I have a question about the "translation" into plain English of some terms used in BF quesions, namely in the answer choices.

" The first is a criticism, endorsed by the argument, of a funding plan; the second is a point the argument makes in favor of adopting an alternative plan."

What does this mean? The argument? So it means like "supported by the author?" and "supported by the general purpose of the text" ? What is the meaning of word "argument" here? The argument itself is the idea that the author expresses and defends, correct? So "endorsed by the argument" is the same as " supported by the author" ?

Should we just read any "arguments does bla-bla" as "The author does bla-bla" ?

And btw, if you know any other useful "translations", please share them!

Thank you!

This is a common issue, so don't sweat it! The answer choices are intentionally designed that way to overcomplicate things, because the structure of a GMAT CR argument is rarely very complex in itself. They need some way to construct tough Structure questions, so that's where the bizarre, wordy answer choices come into it.

Almost all of the time, only two things actually matter when you're reading a Structure answer choice.

1. Is it a premise or a conclusion?
2. Is it the author's premise/conclusion, or is it someone else's premise/conclusion?

Check out some random Structure questions and convince yourself that this is true. The overwhelming majority of answer choices can be translated to something like "the first boldfaced portion is the author's premise, and the second is someone else's premise." "The first is someone else's conclusion, and the second is the author's premise." "The first is the author's premise, and the second is the author's conclusion." Etc. That means that when you first encounter one of these arguments, the two critical things to understand are what the conclusion is (and what evidence supports it), and what different perspectives are at play in the argument.

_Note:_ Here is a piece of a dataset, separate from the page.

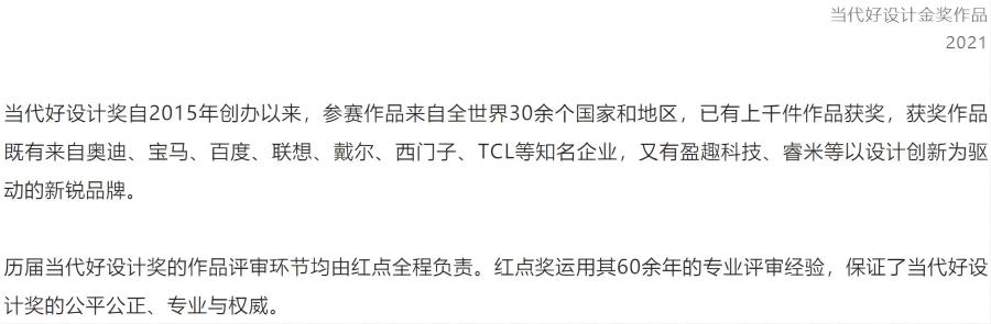 国内有名的几大奖项之一,P.S. 我觉得普象的TOP奖质量也不比国内外大奖差,说实话

As you study, jot down words and phrases that seem to correspond to 'author's conclusion', 'author's premise', 'someone else's conclusion', etc. Some examples to get you started:

conclusion language: argument, claim, proposal, belief, suggestion
premise language: evidence, premise, proof, point, etc.

There's some overlap, but it's rare enough that the above strategy generally works.

I'd need to see the argument itself to translate your specific case above. But it seems to me that the first bit refers to either the author's conclusion, or one of the author's premises. That depends on whether the main conclusion of the argument is 'the other funding plan is bad', or if, instead, the first boldfaced section just provides one of several reasons it's bad. "Endorsed by the argument" simply tells you that it's the author's belief, not someone else's.